Write down the titles of books on slips of paper and put them in a jar. Let your kid pick from the jar to decide which book you'll read together. Tip: If you have kids at different reading levels, have each make their own jar.
Have your kid trade a book with a friend. There’s no better way to discover new stories than sharing some of your favourites. Plus, chances are pretty good that your kiddo and her friend will have a good chat about the books after they're done reading each other's picks.
Make a reading Bingo card to inspire and challenge kids all summer long. To keep them motivated, offer up fun prizes each time they get Bingo.

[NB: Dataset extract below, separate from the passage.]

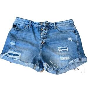 Kancan Button Fly Jean Shorts Distressed High Rise Women’s Size 11/29

If you have a kid who’s already reading independently, challenge him to read a whole book to a younger brother or sister—it’s a great way for siblings to spend some quality time together. If you have an only child or your little ones aren’t reading yet, invite an older cousin, neighbour or friend over for some reading practice.
Everything’s better in a fort! Grab some blankets and pull off the couch cushions to make a kid-approved cave, and then hunker down with some snacks and a stack of books for reading time. Tip: A book about monsters or giants is perfect for reading in a fort.
Read a book that inspired a movie. Whether it’s a more advanced book like Harry Potter or a picture book like Curious George, your kid will feel a sense of achievement when watching the film after they’ve read the book. If you feel like giving them a little challenge, ask them what parts of the movie weren’t featured in the book.
Who says reading only has to do with fiction? Try reading a children’s magazine or website with your kid and get them to tell you all about the cool, new facts they’ve learned.
Get your kid to read a book from your childhood. Then, ask him what he likes best about it and share any fond memories, stories or thoughts you have about it, too.